Records contained in a dataset
::::
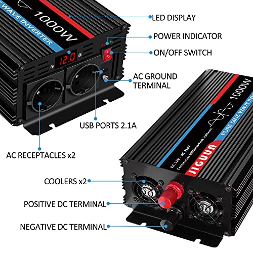 JIGUUN Inverter onda pura 12v 220/230V 1000W Trasformatore con 2 prese EU e 1 porta USB 2.1A - Telecomando senza fili e display LED Potenza di picco 2000W per camion camper emergenza
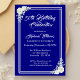 Elegant Script Blue White Rose 50th Birthday Invitation
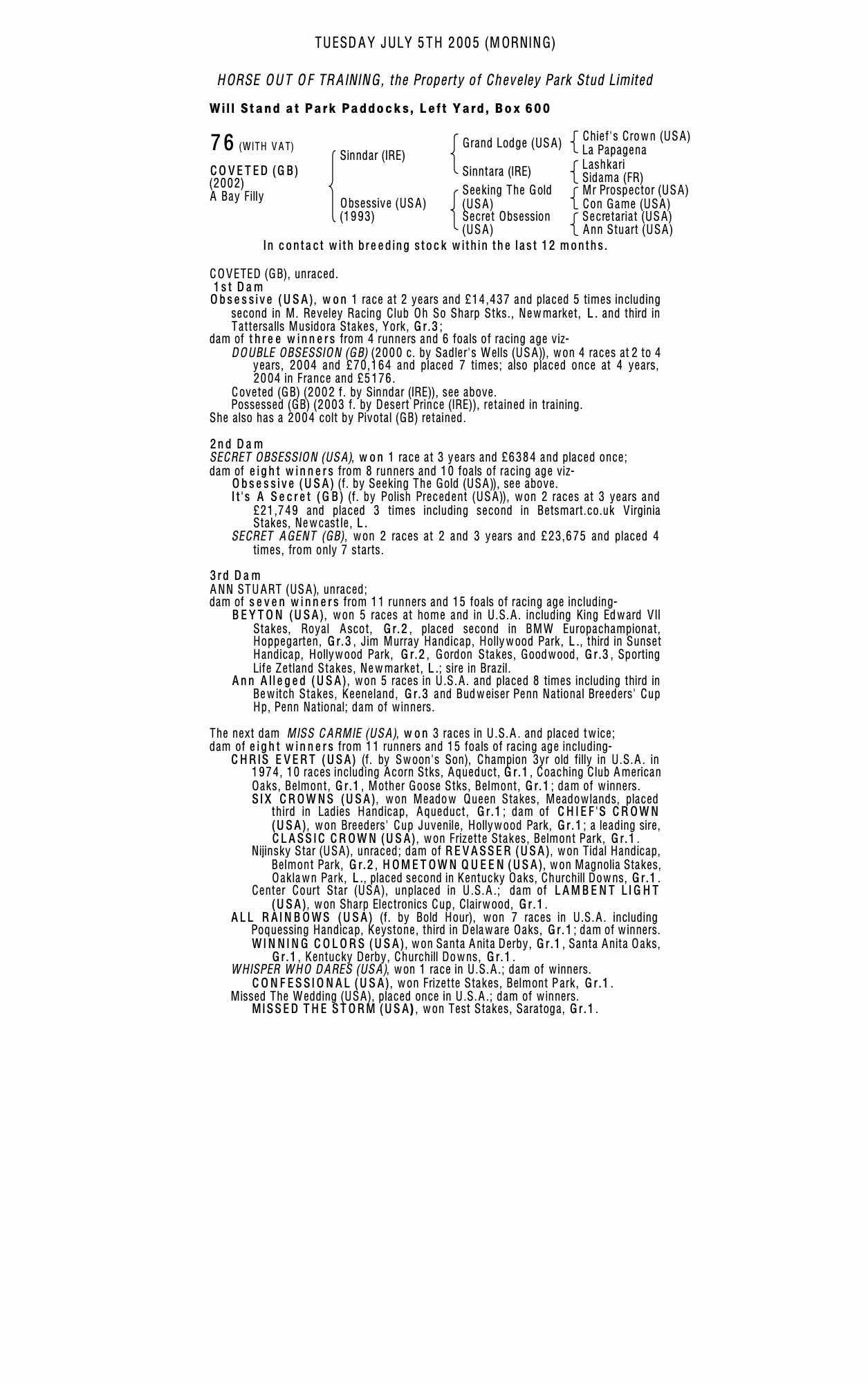 Autumn Horses in Training Sale 2005 lot 1070 Possessed (GB) (F. by Desert Prince (IRE)), Kremlin House Stables=>GM Boyer 21,000 gns
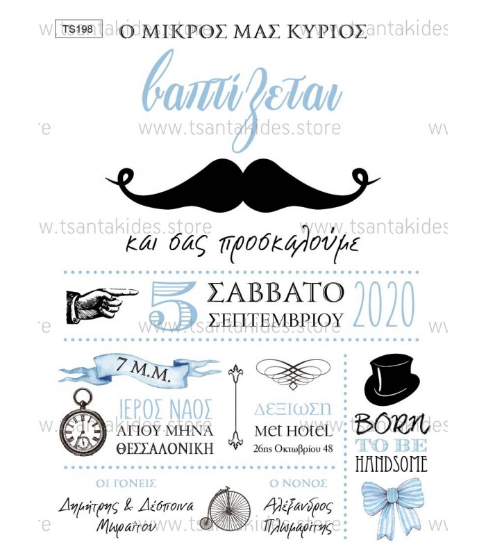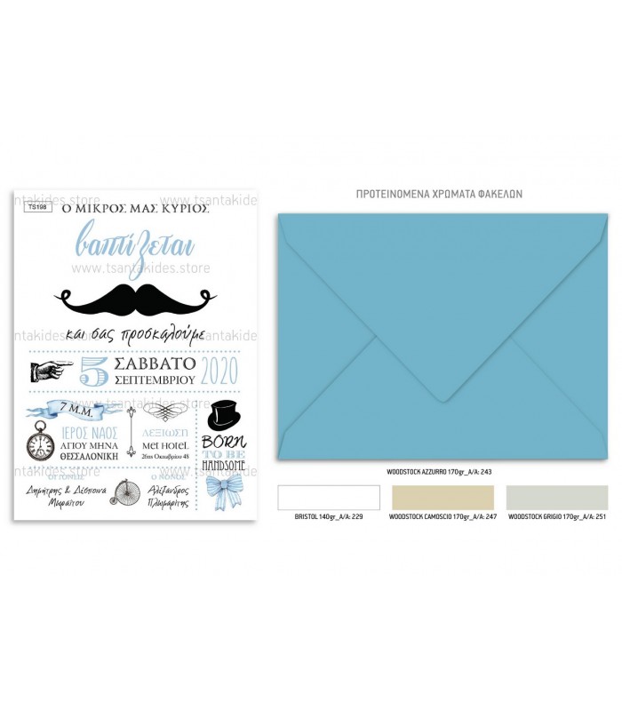 Προσκλητήριο βάπτισης για αγόρι με θέμα μικρός κύριος . Η κάρτα του προσκλητηρίου είναι τυπωμένη σε λευκό ματ χαρτί 250γρ. Το προσκλητήριο διαθέτει φάκελο διάστασης 19,5x14,5cm σε χρώμα της επιλογής σας
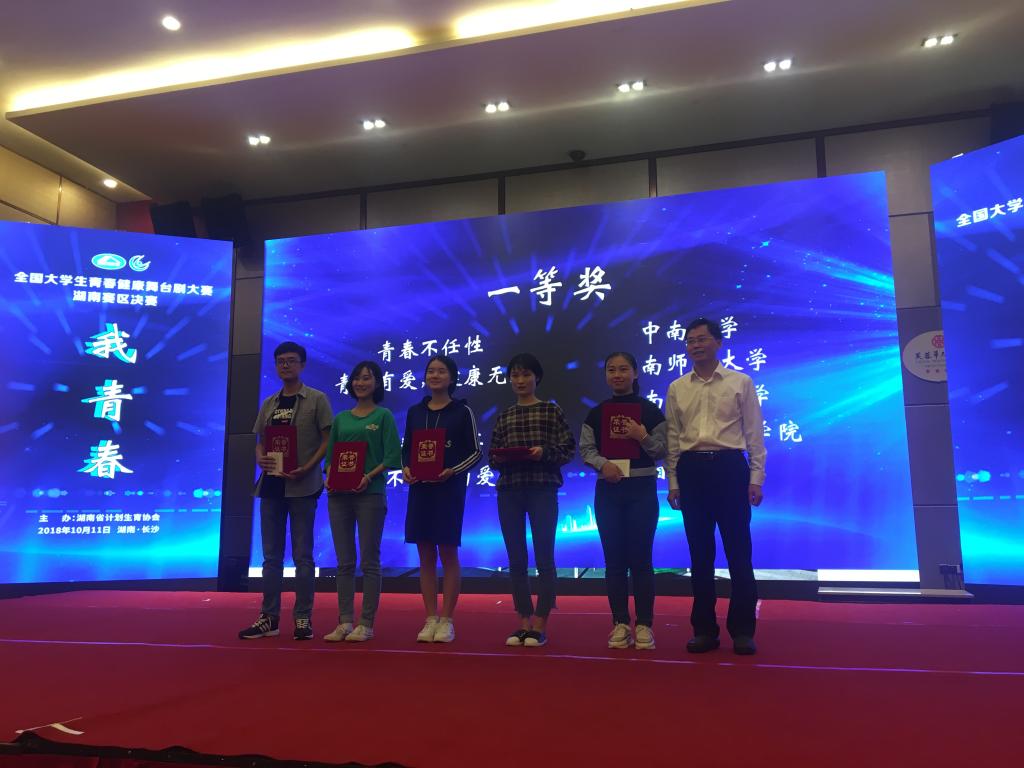 10月11日,全国大学生青春健康舞台剧大赛湖南赛区决赛在长沙举行。来自湖南省15所高校选送的17个舞台剧目参加比赛。经过激烈角逐,KY官网吕薇老师等人指导、学前教育专业学生李新宇、李清媛、张桂容、张巧莲、易星辛表演的话剧《青春那些事》在比赛中荣获一等奖。
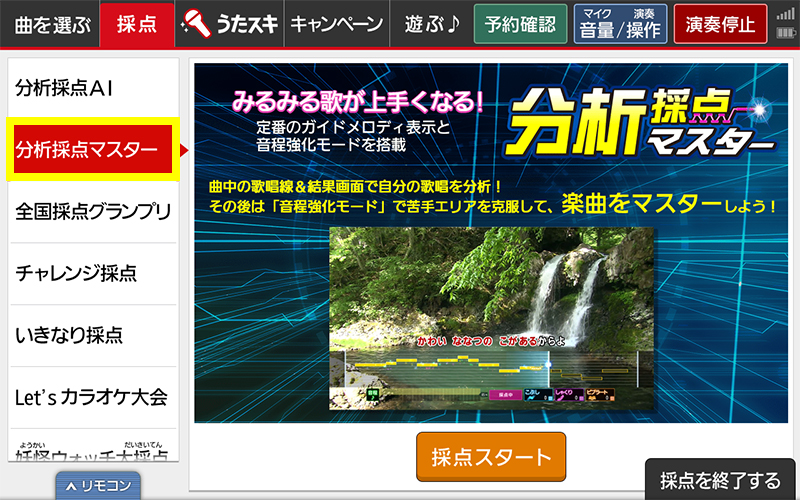 分析採点マスターとは、あなたの歌唱力を徹底的に分析し、細かく採点・評価してくれるサービスです。 繰り返し練習することで得点アップに繋がります。採点機能の使い方をしっかり確認し、高得点を目指しましょう!
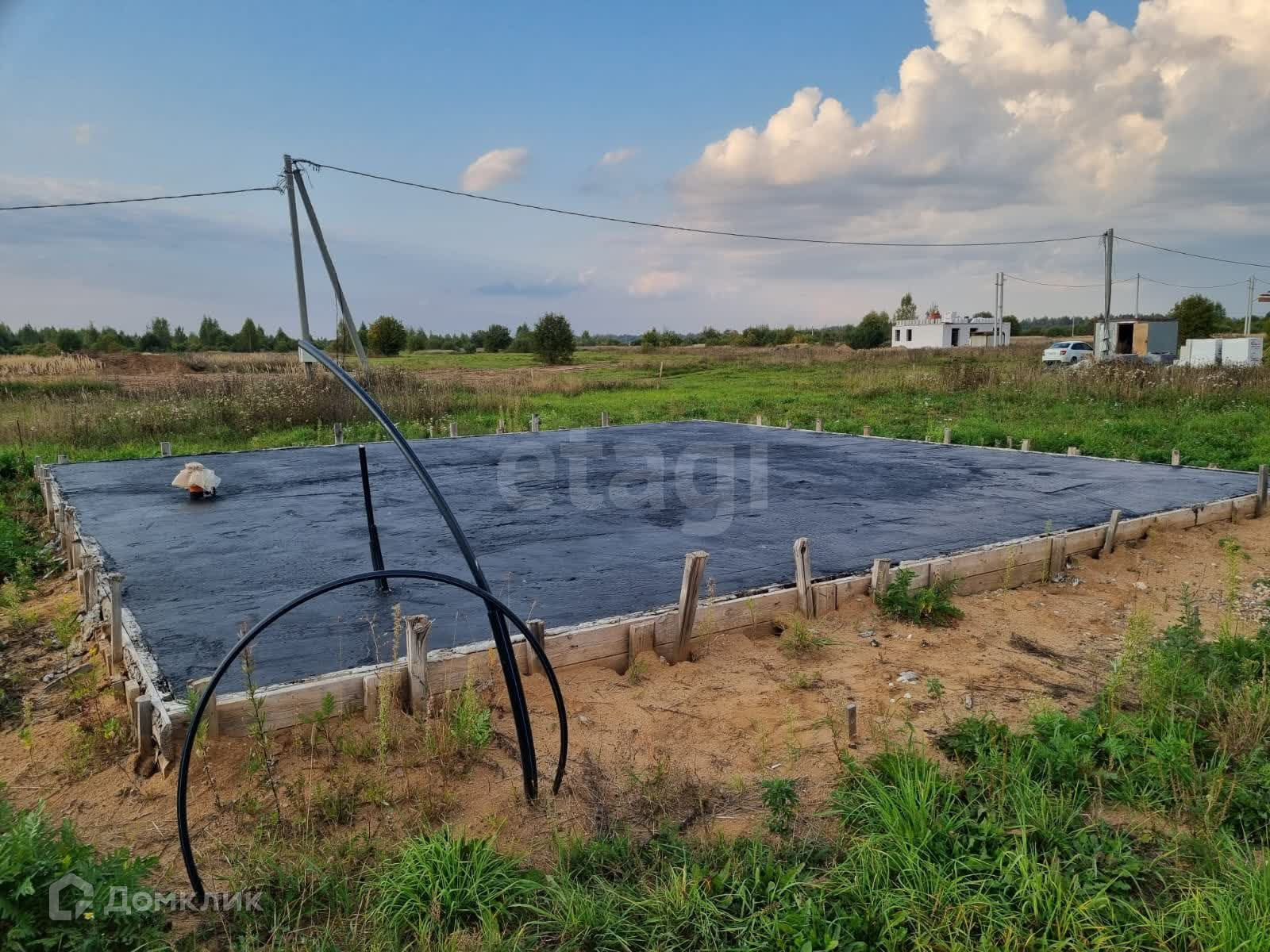 Фундамент оснащен теплоизоляционными элементами и скрытыми инженерными коммуникациями, что значительно упростит процесс строительства. Участок имеет утрамбованный грунт с прослойкой из песка и щебня, а также гидроизоляционную прослойку и арматурную сетку из стали АIII 12 мм, что обеспечивает надежность и безопасность.
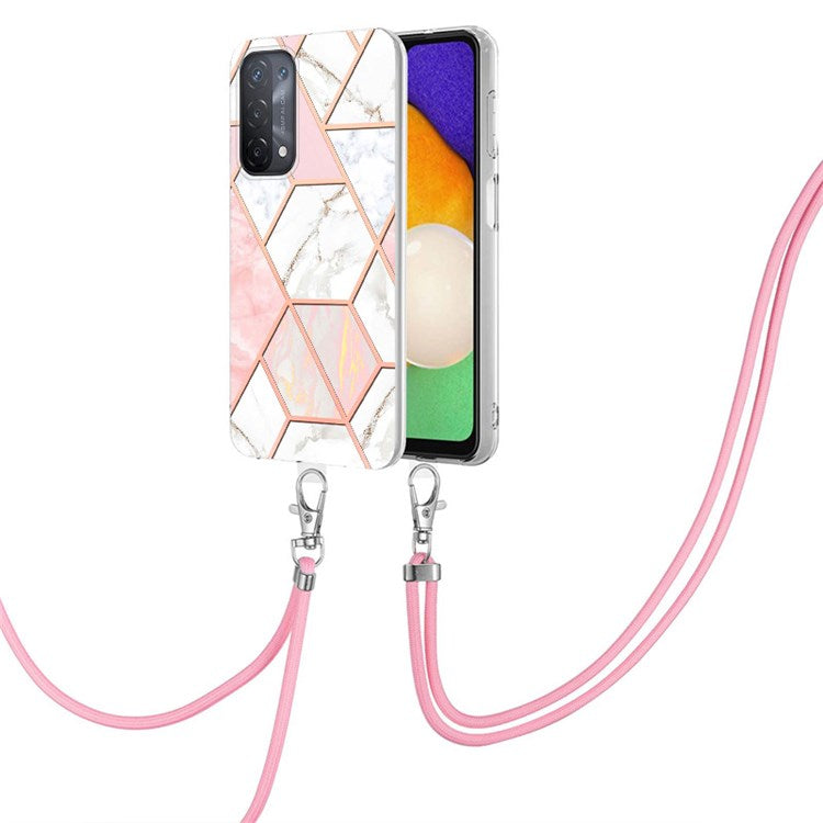 YB IMD Series-5 Slim Lightweight TPU Phone Cover for Oppo A74 5G/A93 5G/A54 5G/A93s 5G, Shiny Electroplating Effect IMD IML Marble Pattern Phone Flexible Case with Adjustable Lanyard - Pink/White
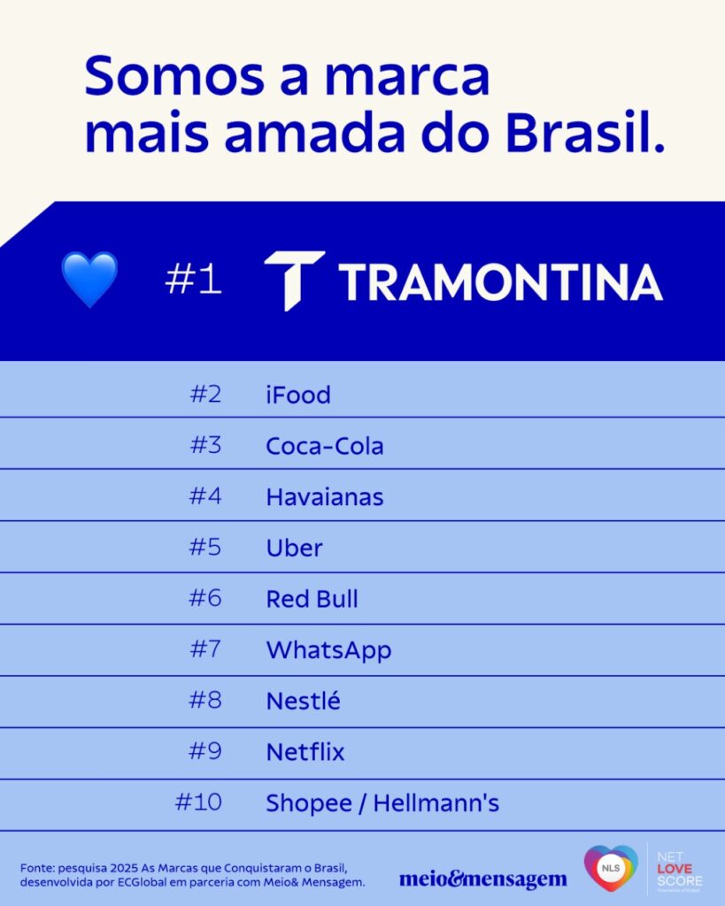 A estreia da Tramontina na pesquisa anual da Ecglobal em parceria com a Meio & Mensagem acompanha a conquista do primeiro lugar como Marca Mais Amada pelos Brasileiros em 2025. O estudo “As Marcas que Conquistaram o Brasil” identifica as que se conectaram com os brasileiros e conquistaram seu engajamento. Além da liderança no Top 10 Love Brands – colocando a Tramontina à frente de iFood, Coca-Cola, Havaianas, Uber e outras com vantagem superior a 20 pontos – a marca também é campeã na categoria recém adicionada de “utensílios domésticos”.
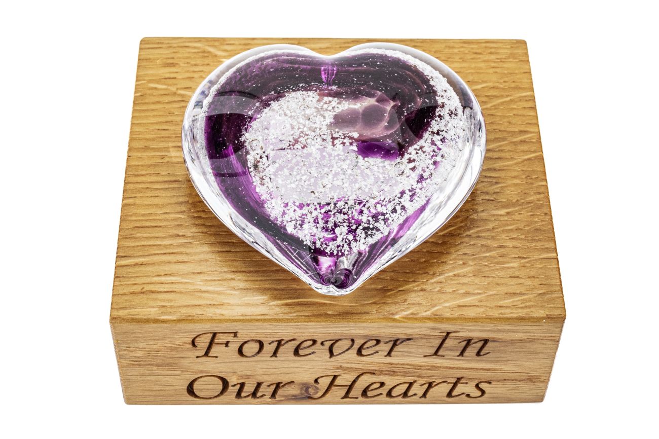 Remember your loved one with a very special memorial glass heart ornament, that can nestle into an oak base with a few special words engraved on it's front face.
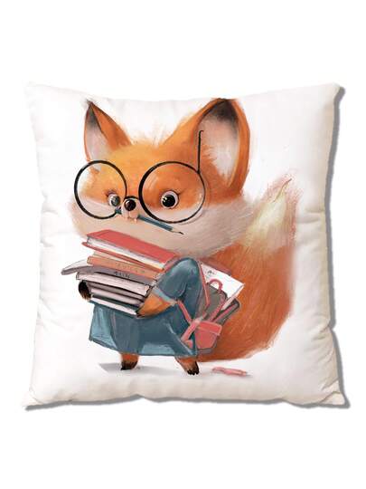 1入組45*45cm卡通狐狸動物紋理聚酯數碼印花裝飾枕套(不含枕芯),適用於客廳沙發 - 彩色 - 查看 1
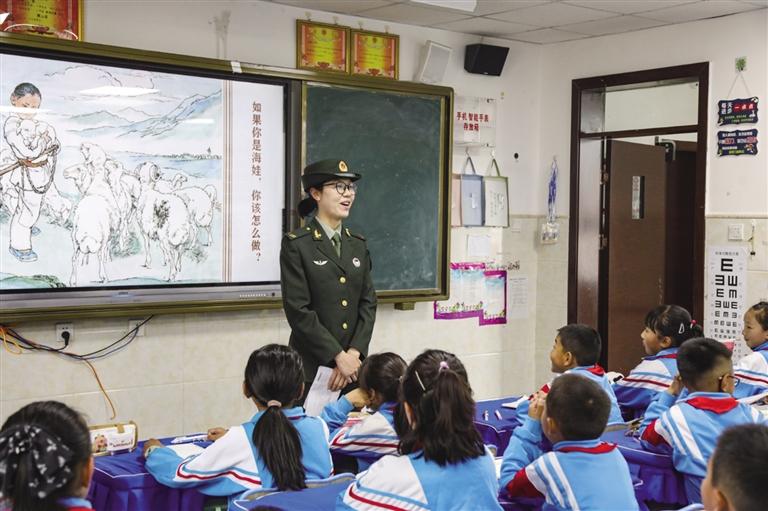 圖為官兵給學(xué)生講授國防知識(shí)。 文/圖 通訊員 吳成淼 單渤 常欣 記者 王香香
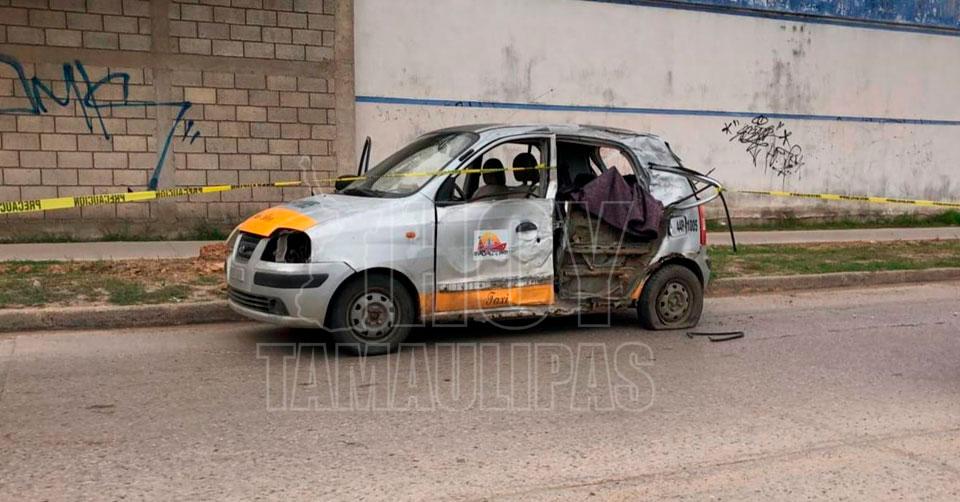 Muere pasajero al ser impactado el taxi por un remolque en Altamira
::::
:: WHAT THE TASK ASKS ::
Repeat exactly the lines from the start of the entries down to the line with "A estreia da", keeping both ends but none of the pictures.

:: WRITTEN SOLUTION ::
 JIGUUN Inverter onda pura 12v 220/230V 1000W Trasformatore con 2 prese EU e 1 porta USB 2.1A - Telecomando senza fili e display LED Potenza di picco 2000W per camion camper emergenza
 Elegant Script Blue White Rose 50th Birthday Invitation
 Autumn Horses in Training Sale 2005 lot 1070 Possessed (GB) (F. by Desert Prince (IRE)), Kremlin House Stables=>GM Boyer 21,000 gns
 Προσκλητήριο βάπτισης για αγόρι με θέμα μικρός κύριος . Η κάρτα του προσκλητηρίου είναι τυπωμένη σε λευκό ματ χαρτί 250γρ. Το προσκλητήριο διαθέτει φάκελο διάστασης 19,5x14,5cm σε χρώμα της επιλογής σας
 10月11日,全国大学生青春健康舞台剧大赛湖南赛区决赛在长沙举行。来自湖南省15所高校选送的17个舞台剧目参加比赛。经过激烈角逐,KY官网吕薇老师等人指导、学前教育专业学生李新宇、李清媛、张桂容、张巧莲、易星辛表演的话剧《青春那些事》在比赛中荣获一等奖。
 分析採点マスターとは、あなたの歌唱力を徹底的に分析し、細かく採点・評価してくれるサービスです。 繰り返し練習することで得点アップに繋がります。採点機能の使い方をしっかり確認し、高得点を目指しましょう!
 Фундамент оснащен теплоизоляционными элементами и скрытыми инженерными коммуникациями, что значительно упростит процесс строительства. Участок имеет утрамбованный грунт с прослойкой из песка и щебня, а также гидроизоляционную прослойку и арматурную сетку из стали АIII 12 мм, что обеспечивает надежность и безопасность.
 YB IMD Series-5 Slim Lightweight TPU Phone Cover for Oppo A74 5G/A93 5G/A54 5G/A93s 5G, Shiny Electroplating Effect IMD IML Marble Pattern Phone Flexible Case with Adjustable Lanyard - Pink/White
 A estreia da Tramontina na pesquisa anual da Ecglobal em parceria com a Meio & Mensagem acompanha a conquista do primeiro lugar como Marca Mais Amada pelos Brasileiros em 2025. O estudo “As Marcas que Conquistaram o Brasil” identifica as que se conectaram com os brasileiros e conquistaram seu engajamento. Além da liderança no Top 10 Love Brands – colocando a Tramontina à frente de iFood, Coca-Cola, Havaianas, Uber e outras com vantagem superior a 20 pontos – a marca também é campeã na categoria recém adicionada de “utensílios domésticos”.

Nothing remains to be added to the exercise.